Но как ни приятны были воспоминания молодости, на душе у меня стоял какой-то мрак. Приезд в Варшаву ознаменовался неожиданным и непонятным отходом 2-й армии, на которую мы с Рузским возлагали столько надежд в начавшейся операции против главных германских сил. Три месяца пребывания на высоких штабных должностях не прошли для меня даром: если перед войной я на многие нелепости и уродства нашего строя .мог еще смотреть сквозь розовые очки, то, осведомленный теперь больше, чем многие из моих соратников, я отчетливо видел угрожающие трещины, обозначившиеся на огромном здании Российской империи.
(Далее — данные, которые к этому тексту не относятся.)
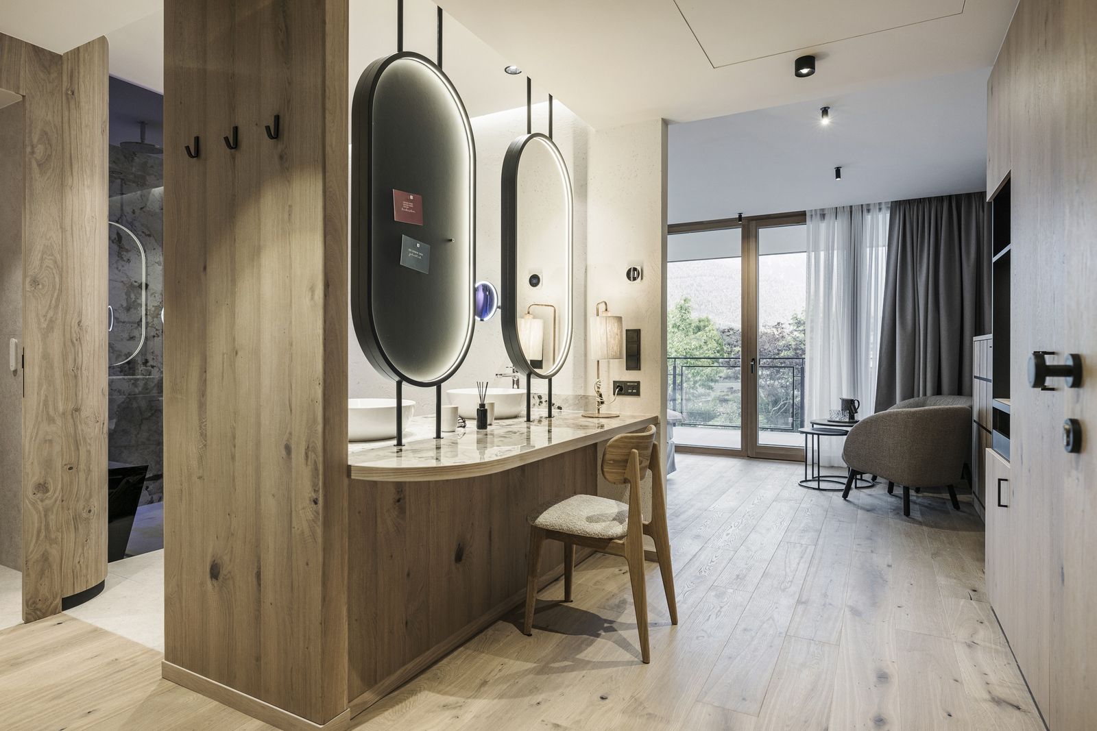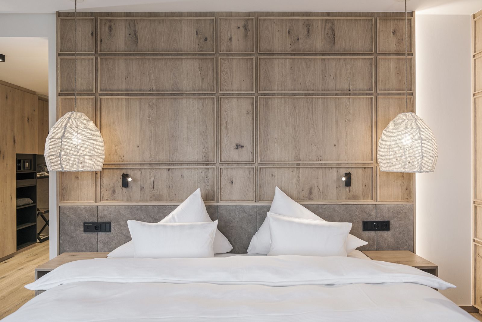 modern ausgestattetes, helles Doppelzimmer, ca. 39m². Holzboden, Klimaanlage, Minibar, TV, Badezimmer mit Dusche, Doppel-Waschtisch, WC separat, King Size Doppelbett, Balkon. Infrarot Saunakabine.

Здание это грозило рухнуть, похоронив под обломками своими и то, что было мне особенно дорого,- русскую армию.

Правда, крах этот должен был наступить не завтра и не послезавтра. Но трещины уже появились, их делалось все больше и больше, и я все сильней разочаровывался в строе, который должен был отстаивать от врагов "внешних и внутренних".

Должности генерал-квартирмейстера, которые я последовательно занимал, сначала в 3-й армии, а затем в штабе Северо-Западного фронта, открывали передо мной завесу, этично прикрытую для всех. По существовавшему в войсках положению, в ведении генерал-квартирмейстера находилились разведка и контрразведка.

Тайная война, которая велась параллельно явной, была мало кому известна. О явной войне трещали газеты всех направлений, ее воспроизводили бесчисленные фотографии и киноленты, о ней рассказывали миллионы участников-солдат и офицеров.

О тайной войне знали немногие. В органах, которые занимались ею, все было строжайшим образом засекречено. Я по должности имел постоянный доступ к этим тайнам и волей-неволей видел то, о чем другие и не подозревали.

Видел я и с какой ужасающей безнаказанностью еще : первых дней войны хозяйничала в наших высших штабах германская и австрийская разведки, и это немало способствовало моему разочарованию в старом режиме.

Читателю, особенно молодому, многое из того, о чем я рассказываю, покажется неправдоподобным. Да и как может читатель, знающий высокую бдительность советского народа, не забывший о том, как беспощадно расправлялись у нас в Великую Отечественную войну с фашистскими шпионами и пособниками, представить себе доходившую до прямой измены глупость и беспечность, с которыми относились в царской России к сохранению военной и государственной тайны.